William K. Black
February 3, 2016 Bloomington, MN
This is the third column in my series about the Wall Street Journal report that “big money managers” want to bring back “liar’s loans.” Here are the article’s first two sentences.
Wall Street wants to bring back the “low-doc” loan.
These mortgages, which are given to borrowers that can’t fully document their income, helped fuel a tidal wave of defaults during the housing crisis and subsequently fell out of favor.

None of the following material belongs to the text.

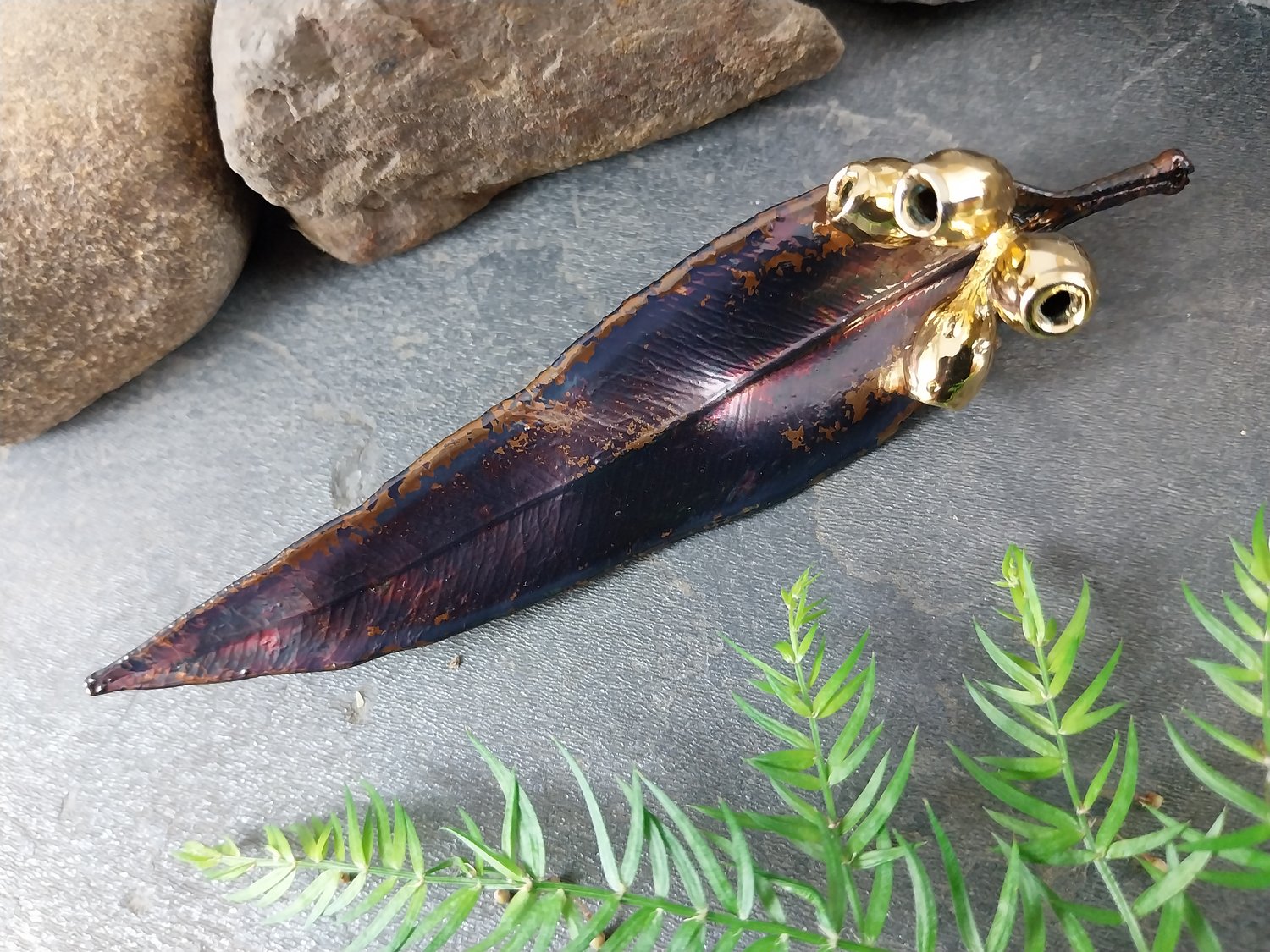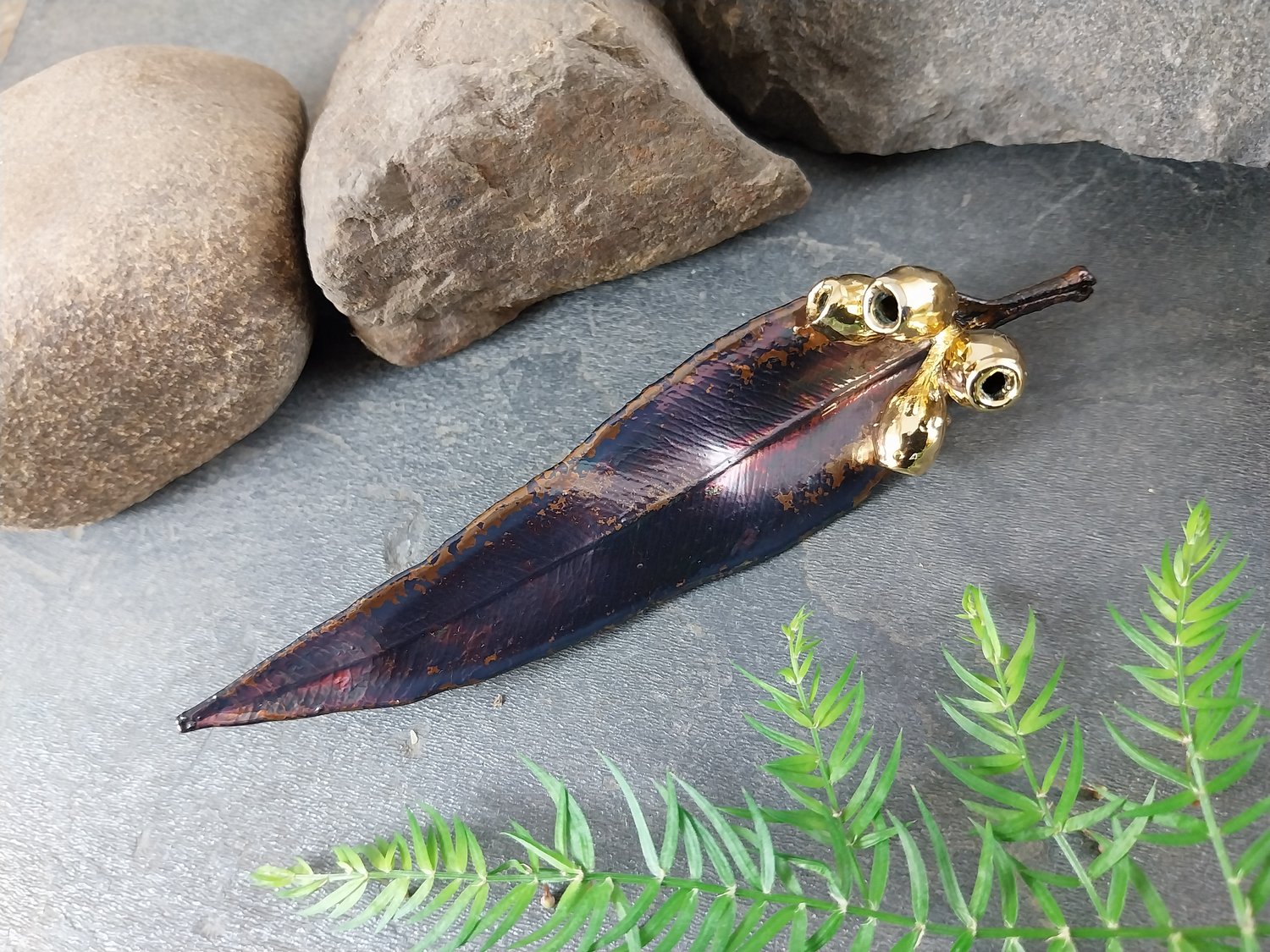 Gum Leaf / Gum Nut Brooch – Rainbow Copper Patina / Gold (112mm)

The second sentence begins the lies with an important lie. “Low-doc” is a euphemism for endemically fraudulent “liar’s” loans. The second sentence repeats a lie that the fraudulent lenders have told for decades – it is their carefully crafted creation myth of liar’s loans. If the WSJ had done its job and exposed the lie, the creation myth and the fraud scheme would have died decades ago. Instead, the WSJ endorses the lie. Liar’s loans were not designed for or “given to borrowers that can’t fully document their income.” The two keys lies by the fraudulent lenders about liar’s loans arise from their use of the word “can’t.” As I explained in my second column in this series, the IRS created, decades ago, Form 4506-T, which allows the borrower to give the lender access to transcripts of the borrower’s two most recent tax returns. This means that the self-employed can easily and cheaply permit the lender to verify their income – and home lenders routinely require borrowers to sign the 4506-T as a mandatory part of the loan application. The first lie is that there are borrowers that are incapable (“can’t”) document their (purportedly ample) income.